Moran does more with this novel than merely retell the facts of a unique life. She paints a picture of the society and climate in France in the late seventeen hundreds. The enormous chasm between the rich and the rest of France is laid out for the reader to experience. Not only the separations of wealth and poverty but education and opportunity also. Moran makes the coming Revolution a dramatic experience despite the basic knowledge a historical fiction fan brings to it.

Side by side with the thrilling details of Tussaud's life and times Moran writes knowledgeably about the evolution of Tussaud's art and her business acumen. The details of creating waxworks and Tussaud's education in the process are quite fascinating. The entrepreneurial and survivor skills that Tussaud had in spades were as crucial to her lasting success as were her artistic abilities. I was delighted that these aspects of Tussaud's story were not dismissed in a paragraph in order to scoot back to possibly racier experiences.

With the entertaining Madame Tussaud: A Novel of the French Revolution, Michelle Moran has taken a famous name, a brand name, a name that has come to mean an object not a person and restored it's humanity.

Happy

P.S. The cover? Is she supposed to look like a waxwork? Is it supposed to be Tussaud? The palette is striking but the artwork and layout leave me cold. I think that given the drama of the life and times of Tussaud and the artistry of her work this cover should have been much better.
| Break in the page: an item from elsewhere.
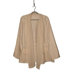 CHICO'S $129 Linen Silk Open Jacket w/ Silk Chiffon Trim Beige Chico's 3 / US XL
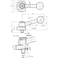 LZX-50-KV 角度つきレバータイプ スティール製 右回転 50 M10 1.5 11 116 62 34.5 12 13 30 28 6 12 24 28 261.6° 86.75 6 315

And. Just wondering but how many reviews of Madame Tussaud: A Novel of the French Revolution will have the waxing pun? The reviewer will either be waxing or refer to author Michelle Moran's waxing on about Madame. It is a natural.

Monday, February 21, 2011

The Revenge of the Radioactive Lady

Hi Flower.

How do you feel about monster movies from the 1950's? I'm not a fan but I'm not a hater. I like the poster art from those films but I have no desire to spend time watching them. You have heard of and maybe seen Attack of the 50 Ft Woman. That title and revenge of the housewife theme play into the new novel The Revenge of the Radioactive Lady. My ambivalence toward monster movies in general almost made me not read this very good novel. Silly me. It is just as interesting to see what will make you turn away from a book as it is to see what will make you pick a book up don't you think?

In another of those marvelous anecdotes that becomes unburied and astounds us all it turns out that between 1945 and 1949, 800+ pregnant women were told by doctors at Vanderbilt University Hospital that the radioactive iron they were given was a vitamin that would enhance their health and that of their unborn children. The experiment was to see if the children would be protected from the radioactivity by the placenta. They weren't. In The Revenge of the Radioactive Lady author
Elizabeth Stuckey-French has imagined a revenge for one of those mothers.


Fifty years, a class action suit, a formal apology from Federal Government and the death of her eight year old child from cancer later, 77 year old Mary Ahearn is looking for a piece of her own back. She has searched for and found the obstetrician who gave her those lethal vitamins, Dr. Wilson Spriggs. Mary is determined to have her vengeance by killing Dr. Spriggs but she is not quite sure how to best to pull it off. She moves to Tallahassee to be near the doctor. She will ingratiate herself into his life somehow and is confident that a plan will present itself.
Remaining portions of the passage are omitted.